Q: Who owns the patient database during equity transfer?
The practice owns patient records, but agreements must comply with HIPAA. Transfers should be carefully structured to protect patient privacy.
Q: What if the new surgeon wants to overhaul the website and branding immediately?
A staged approach is often safer. Abrupt changes can harm SEO rankings and disrupt patient trust. Joint branding during the transition is usually best.
Choosing the right equity and ownership model is not simply a legal or financial exercise. It is a strategic decision that influences the culture, performance, and legacy of a plastic surgery practice. Models that work well for one clinic may not fit another, and the right solution often depends on the personalities, ambitions, and financial circumstances of the surgeons involved.
The most successful practices are those that plan succession early, define clear agreements, and update those agreements as circumstances and regulations change. Transparency around valuation, profit distribution, and governance helps avoid disputes and ensures a smooth transition from one generation of surgeons to the next.
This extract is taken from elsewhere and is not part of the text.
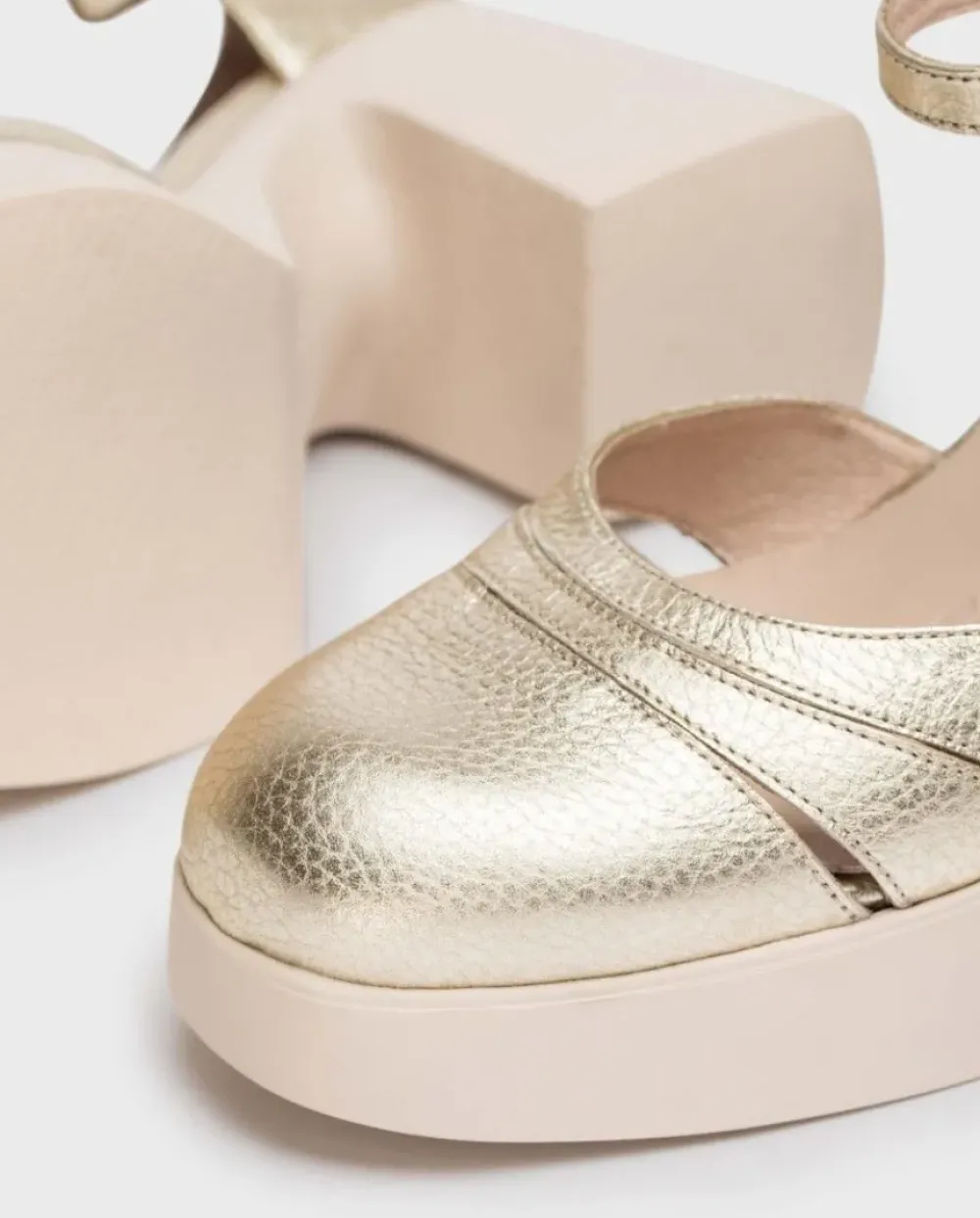 Mercedita Plataforma En Piel Metalizada Color Platino. Un Modelo Femenino Con Tiras Cut- Out De Punta Redonda Y Cierre Mediante Cierre De Hebilla Lateral Que Proporciona Un Ajuste Seguro Y Personalizado.Suela Maxi Desarrollada Con Tecnología Wondersfly ™ Garantía De Ligereza Y Confort . Prepárate Para La Sensación, Yes We Fly Con Nuestra Mercedita Carmen.
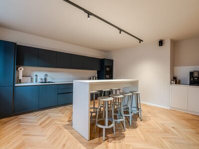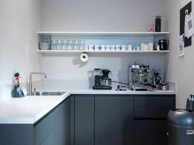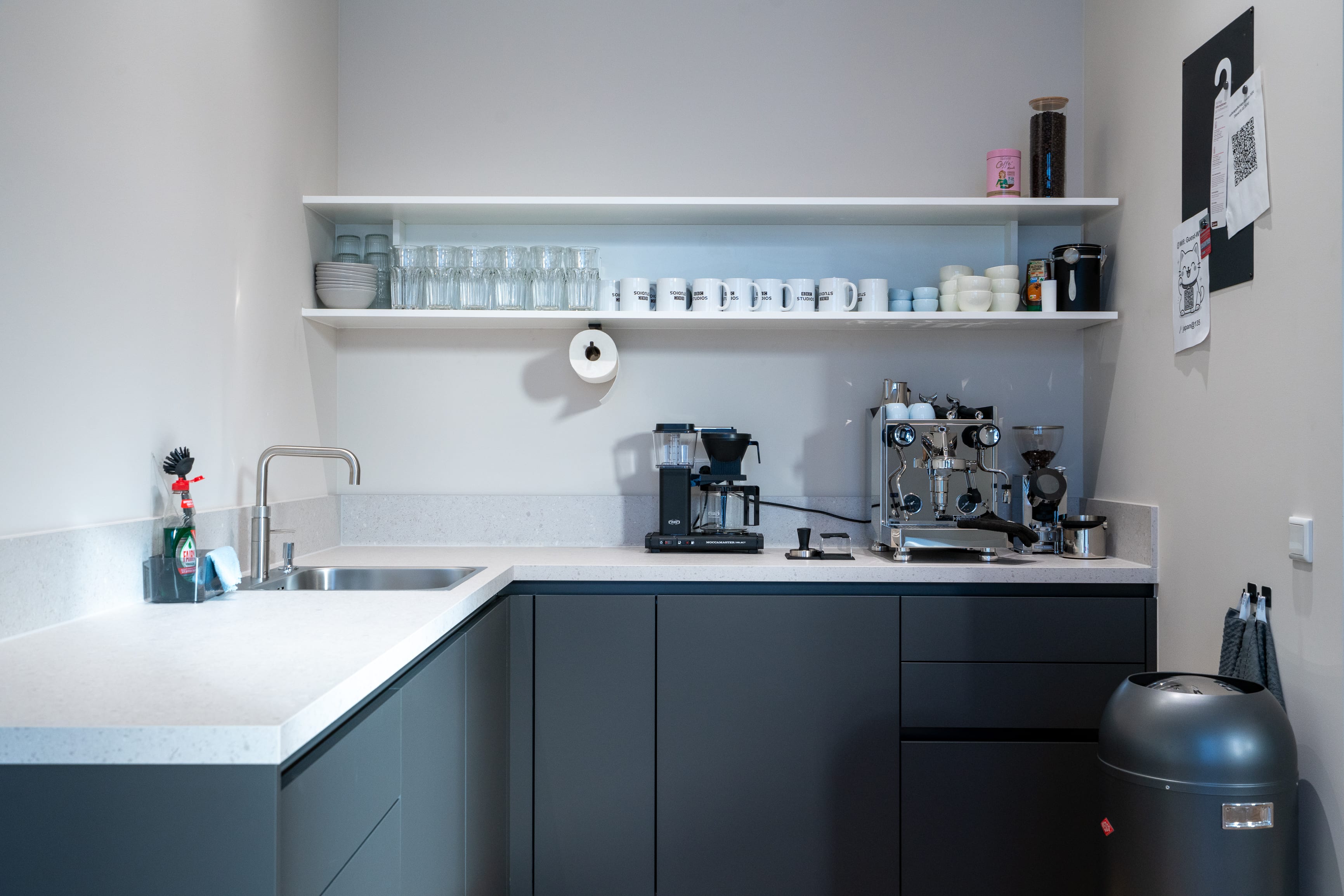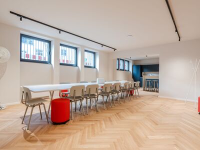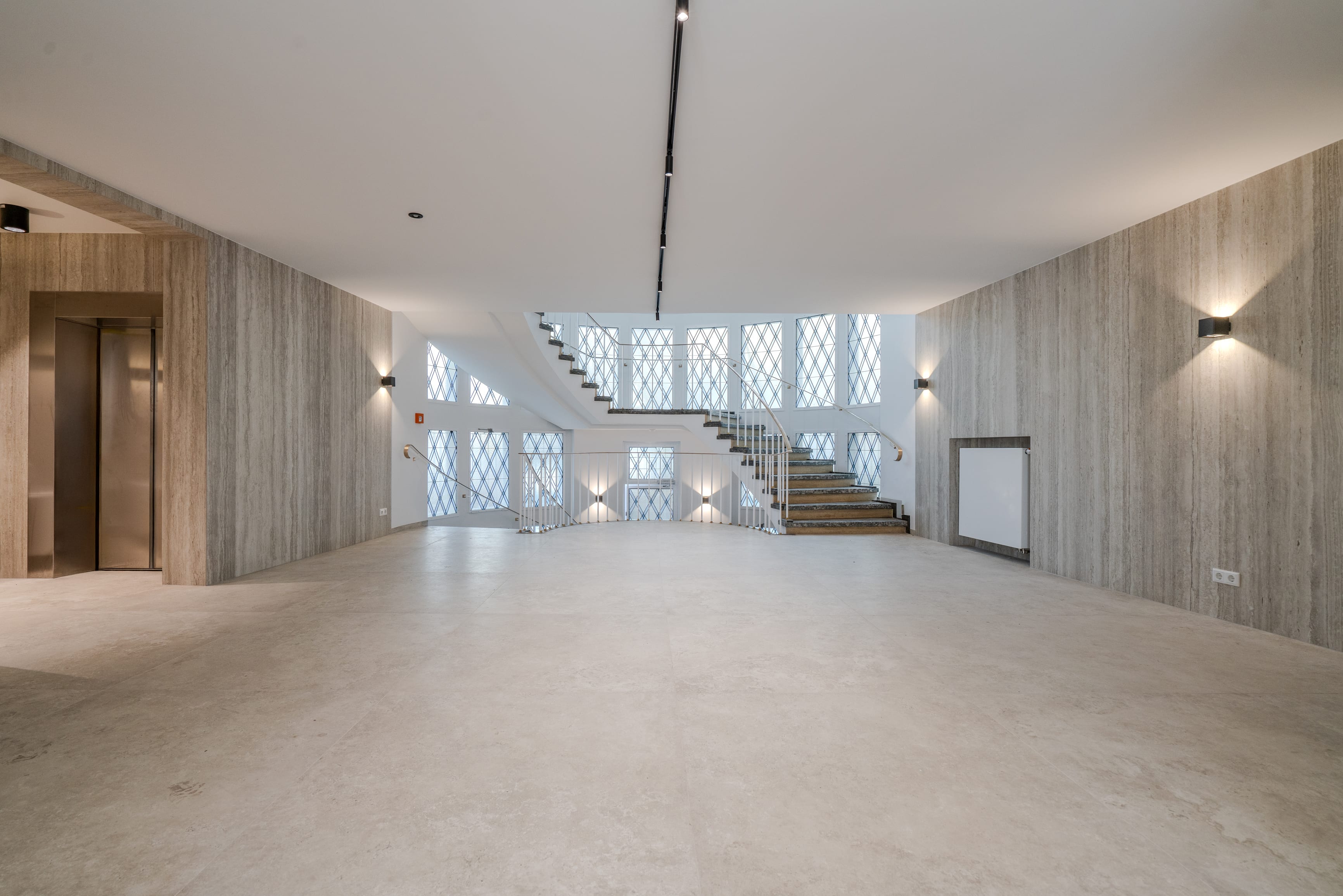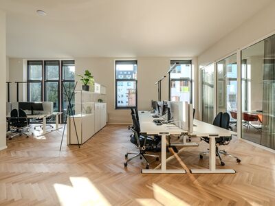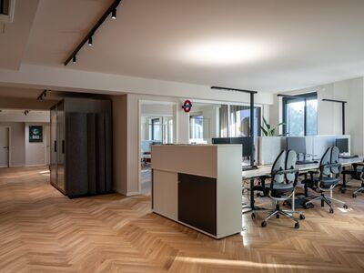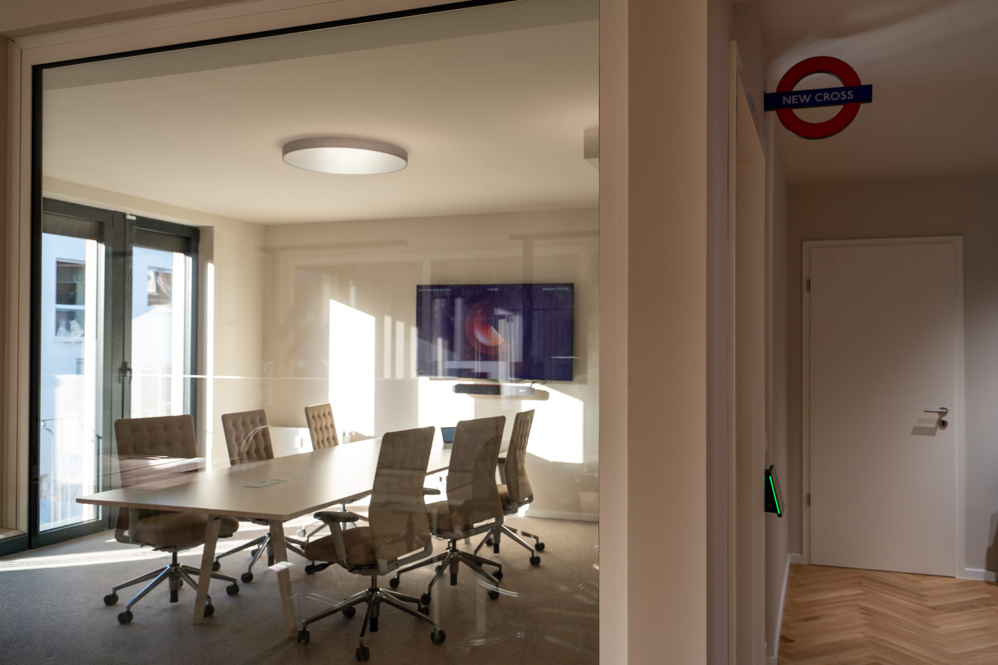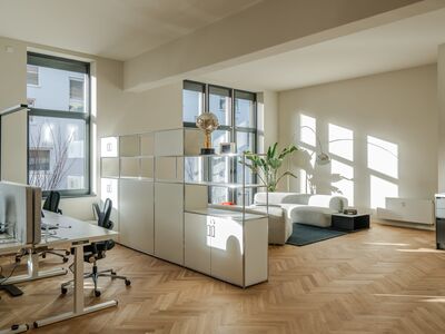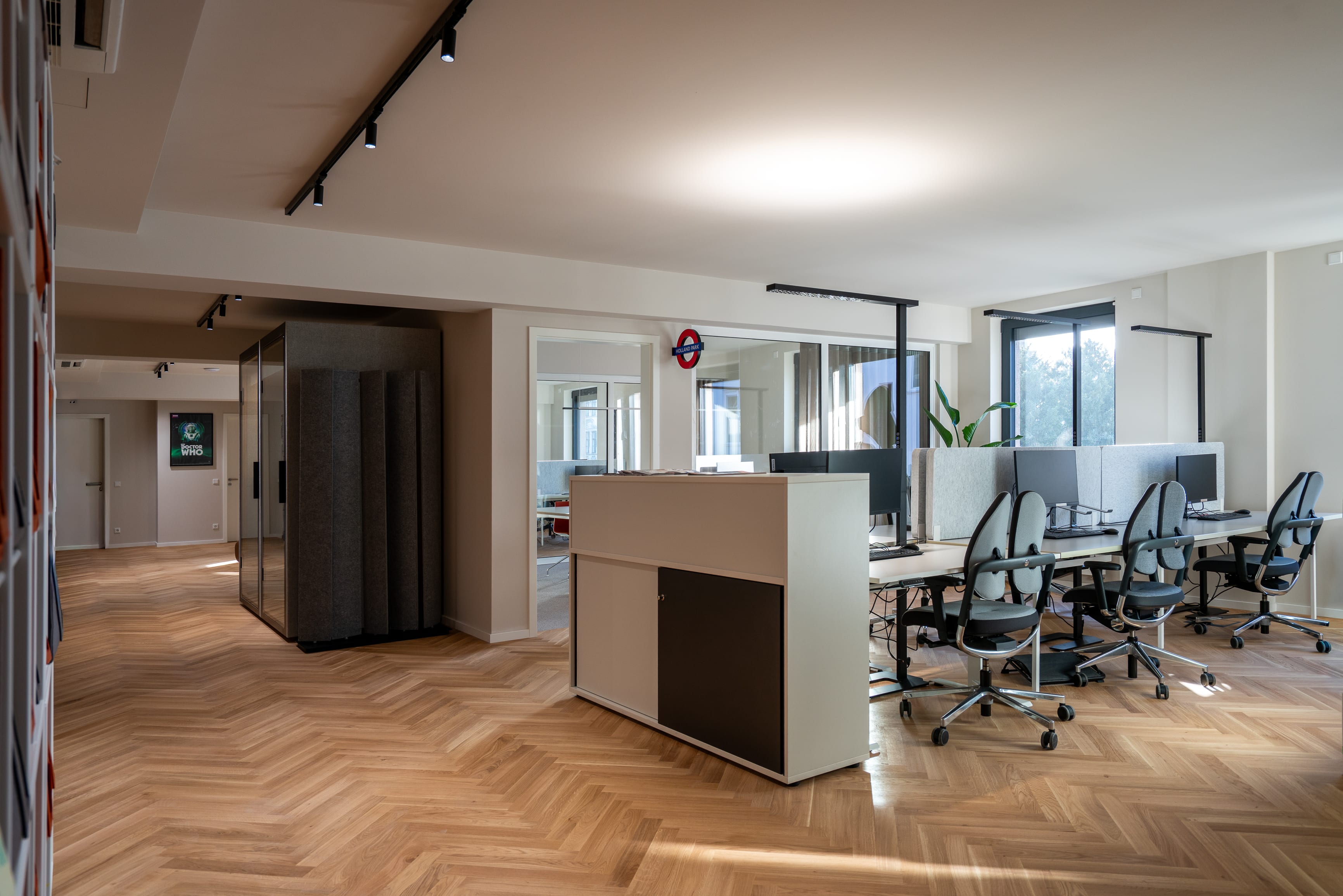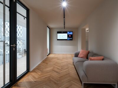 Aus diesen Erkenntnissen entwickelten wir ein ganzheitliches Raumkonzept für vier Etagen. Entstanden ist eine elegante, hochwertige Arbeitswelt mit klarer Struktur, durchdachter Zonierung und modernen Arbeits- sowie Meetingbereichen. Rückzugsorte für konzentriertes Arbeiten stehen ebenso im Fokus wie kommunikative Flächen für Austausch und Redaktion. Gestalterisch verbindet das Konzept zeitlose Materialien mit gezielt gesetzten Highlights, die auf die Markenidentität einzahlen – mit punktuell charmantem Augenzwinkern in Richtung der britischen Wurzeln. Das Ergebnis ist eine stimmige, repräsentative und zugleich lebendige Arbeitsumgebung, die die Unternehmenskultur von BBC Germany sichtbar macht und Raum für zukünftige Entwicklungen bietet.

Ultimately, equity transfer is about more than money—it is about continuity of care, stability for staff, and preserving the hard-won reputation of a practice. By carefully considering the available models and seeking advice from experienced legal, tax, and practice management professionals, surgeons can create ownership structures that protect their business, reward their efforts, and secure the future of their practice.
Disclaimer: This article is for educational purposes only. It is not legal advice. Each state, country, and jurisdiction has its own healthcare and corporate laws. Always seek independent legal, tax, and financial advice before entering into any ownership changes or equity transfer arrangements.